__WHAT THIS TASK INVOLVES__
Restate the lines of the material below word for word, from the first through the one containing "ولدها أي انتزع", and include nothing else; pictures stay out.
== Segment start ==
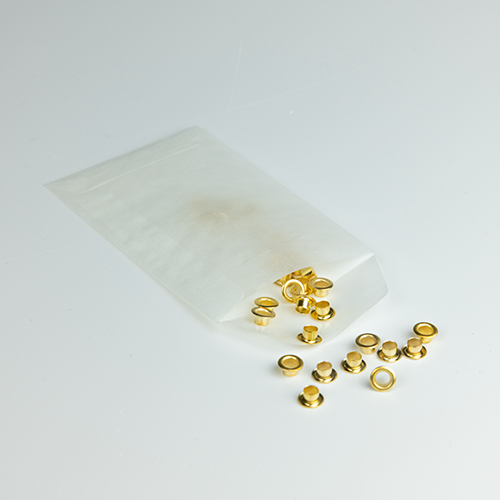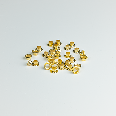 Goudkleurige ringetjes (30 stuks). Formaat: ⌀ 0,5 cm. Gebruik deze in combinatie met de flenstang om mooie gaatjes te maken en kaarten met elkaar te verbinden.
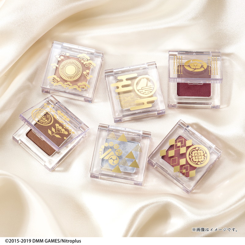 本商品は、『刀剣乱舞-ONLINE-』に登場する“刀剣男士”6振り(Aセット:山姥切国広/山姥切長義、Bセット:へし切長谷部/加州清光、Cセット:大倶利伽羅/燭台切光忠)をイメージしたアイシャドウ2種のセット。
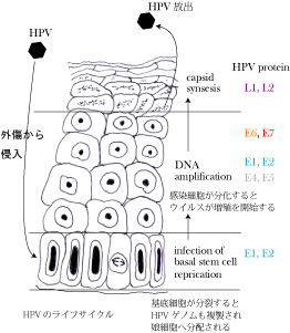HPVゲノムは8つのウイルスタンパク質しかコードしていないため, 宿主細胞のタンパク質機能をウイルス増殖期に最大限に利用する必要がある. HPVが増殖を開始する頸管粘膜の傍基底細胞は通常, 細胞増殖を停止し, 分化に向かっている。
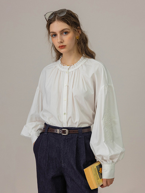 [데일리 아트] DA_Fungus edge round neck blouse_2color
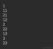 第一个线程生成整数1、2和3,第二个生成整数11、12和13,第三个线程(主线程)生成21、22和23。
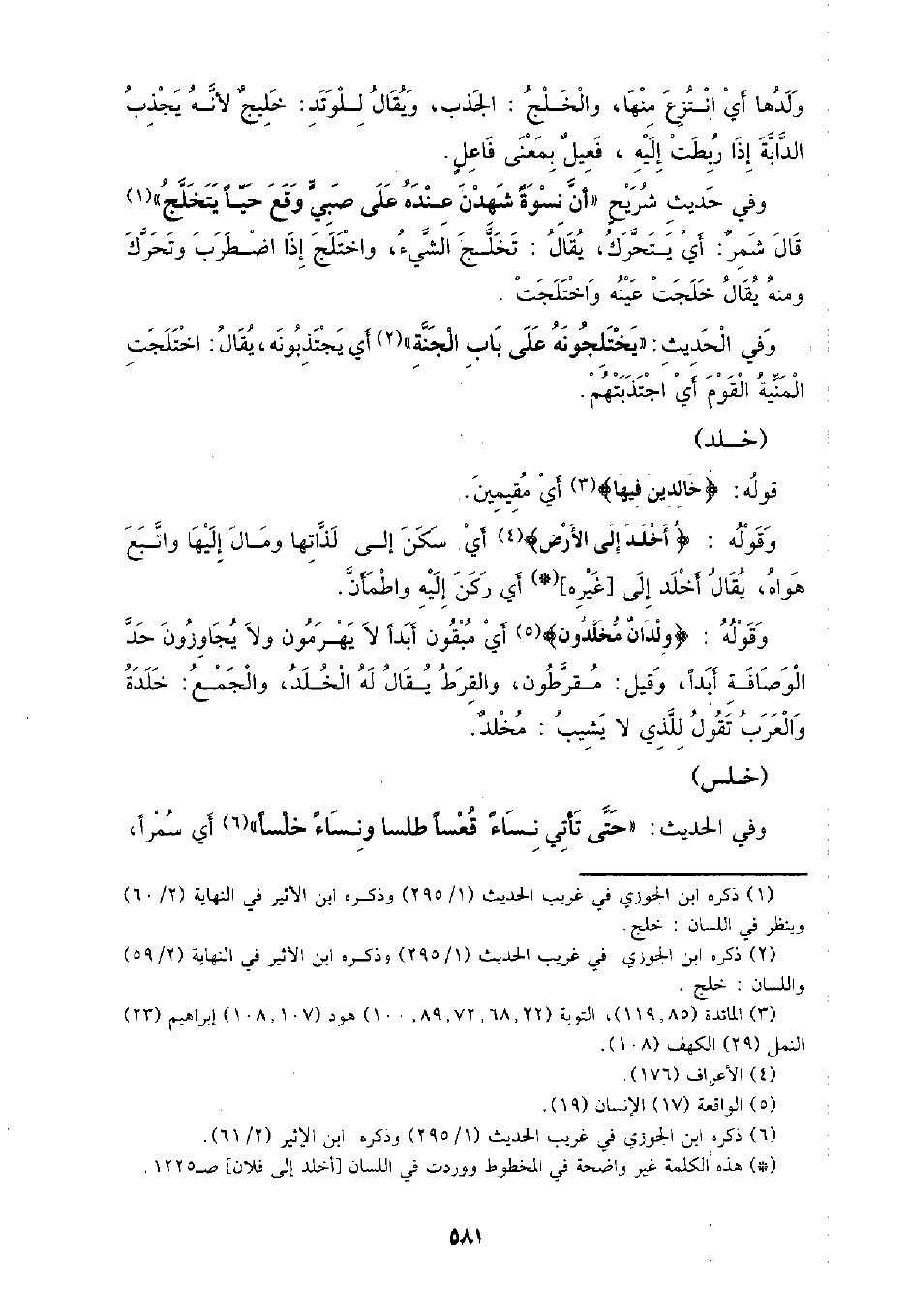 ولدها أي انتزع منها، والخلج: الجذب، ويقال للوتد: خليج لأنه يجذب الدابة إذا ربطت إليه، فعيل بمعني فاعل.
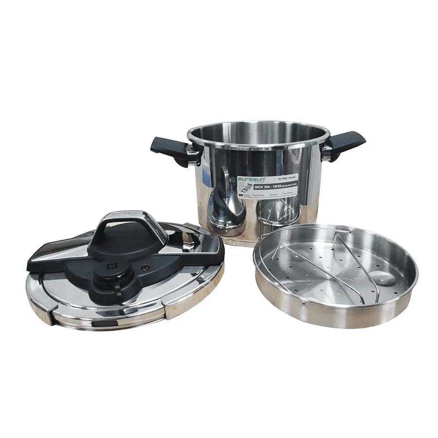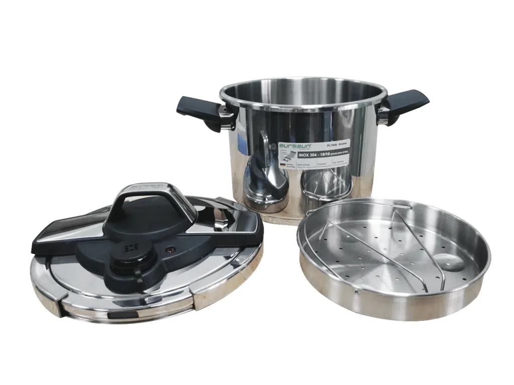 Với kiểu dáng sang trọng, hiện đại, màu bạc inox 304 tinh tế, nồi áp suất inox 304 Eurosun PC1908 – AROMA không chỉ giúp bạn thực hiện nhiều món ăn ngon mà còn tăng thêm vẻ đẹp sang trọng và hiện đại cho không gian bếp của bạn.
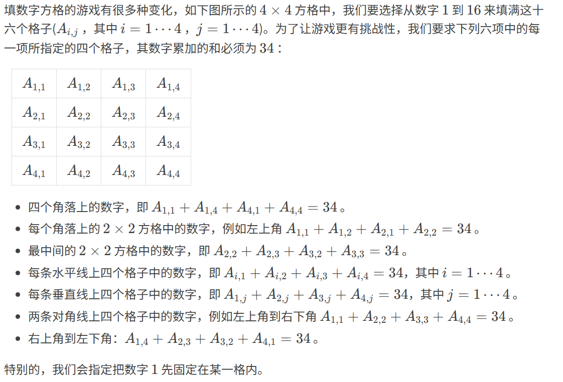 输入只有一行包含两个正数据 i 和 j ,表示第 i 行和第 j 列的格子放数字 1。剩下的十五个格子,请按照前述六项条件用数字 2 到 16 来填满。
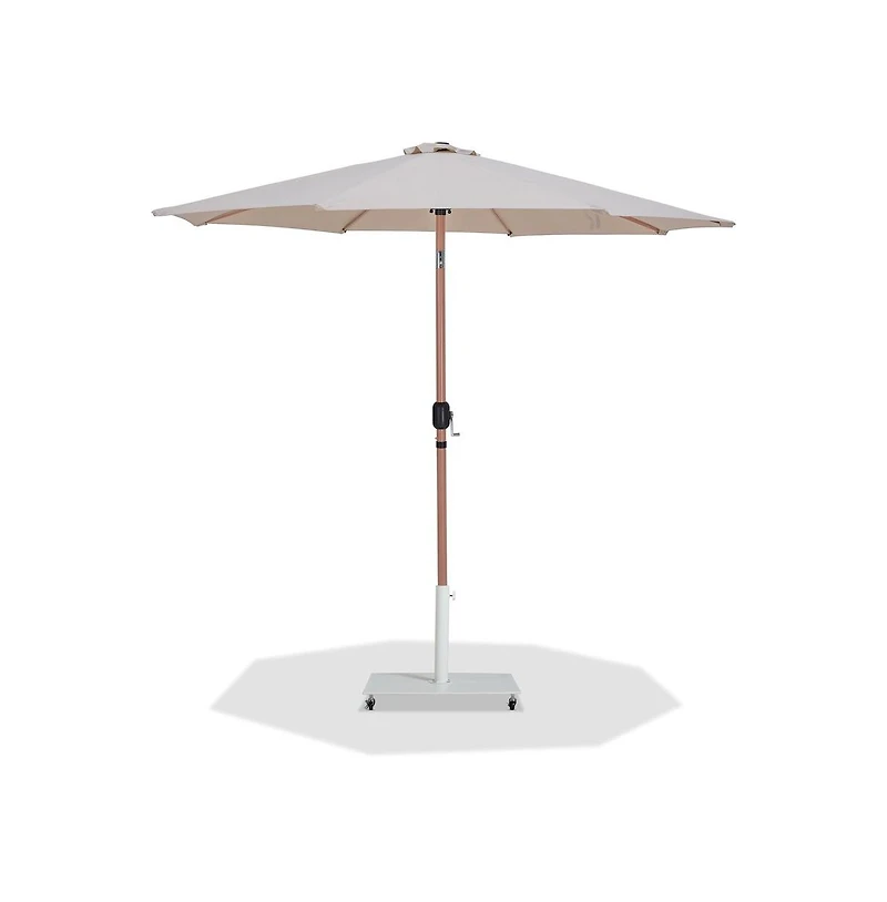 Bask in the shade wherever it's needed when you bring home this Fiji beige fabric and teak aluminum patio umbrella with matte white base set. This ingenious umbrella and base can be used as a standalone umbrella on a deck or patio - or add it to your choice of table for a sturdy solution for hiding from the sun's rays. The aluminum pole weathers the elements like a champ, and the umbrella is crafted from water-resistant fabric for a beautiful, lasting look. Casters on the base make for easy portability.
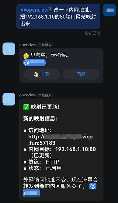 如果需求发生变化,也无需手动重新登录后台操作。你只需要告诉OpenClaw更换新的内网地址或端口,它就能自动更新映射目标,整个过程依然保持高效流畅。
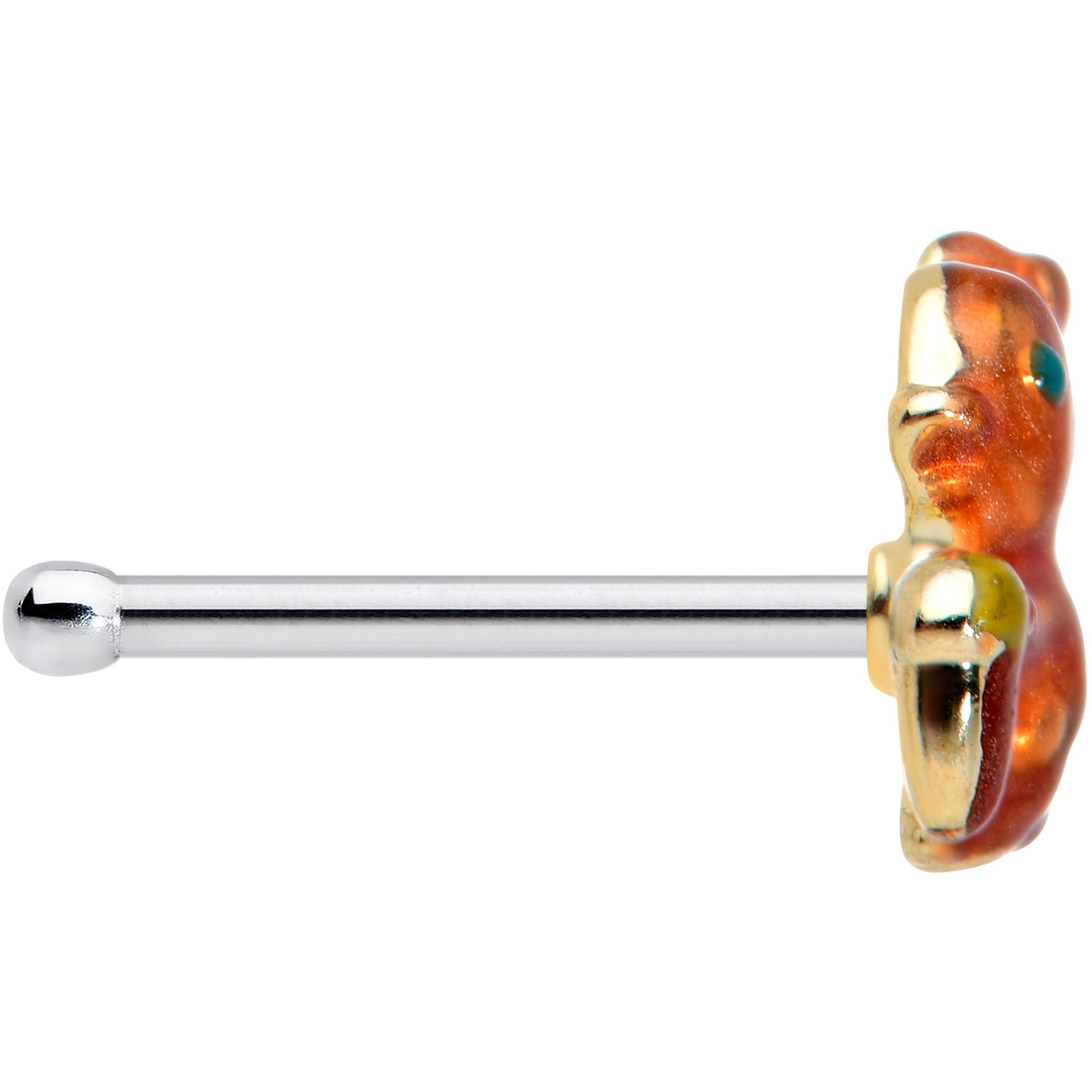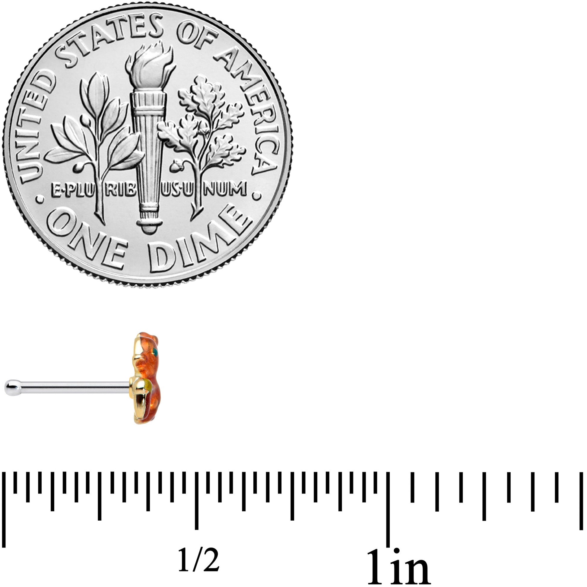 Someone's found a treasure....just like this 20 gauge nostril ring! It's made with a 6mm durable 316L surgical grade stainless steel straight post. It features a cheery squirrel charm, with a light brown squirrel with its tail tipped in yellow. The squirrel is clutching an acorn in dark brown, as if its about to stash it away for the winter. Give your nose piercing a festive look for fall with this charming nostril jewelry!Specifications
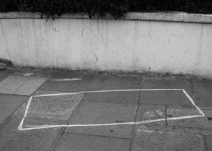 Posted: June 30, 2011 Filed under: Vanishings | Tags: CB Editions, chalk rectangle, Shepherd's Bush Comments Off on Days and Nights in W12. Photographs and text: Jack Robinson (2/4)Pavement with chalk rectangle: Percy Road, W12, 2007. Photo © Jack Robinson.
== Segment end ==
__PROBLEM SOLUTION__
 Goudkleurige ringetjes (30 stuks). Formaat: ⌀ 0,5 cm. Gebruik deze in combinatie met de flenstang om mooie gaatjes te maken en kaarten met elkaar te verbinden.
 本商品は、『刀剣乱舞-ONLINE-』に登場する“刀剣男士”6振り(Aセット:山姥切国広/山姥切長義、Bセット:へし切長谷部/加州清光、Cセット:大倶利伽羅/燭台切光忠)をイメージしたアイシャドウ2種のセット。
HPVゲノムは8つのウイルスタンパク質しかコードしていないため, 宿主細胞のタンパク質機能をウイルス増殖期に最大限に利用する必要がある. HPVが増殖を開始する頸管粘膜の傍基底細胞は通常, 細胞増殖を停止し, 分化に向かっている。
 [데일리 아트] DA_Fungus edge round neck blouse_2color
 第一个线程生成整数1、2和3,第二个生成整数11、12和13,第三个线程(主线程)生成21、22和23。
 ولدها أي انتزع منها، والخلج: الجذب، ويقال للوتد: خليج لأنه يجذب الدابة إذا ربطت إليه، فعيل بمعني فاعل.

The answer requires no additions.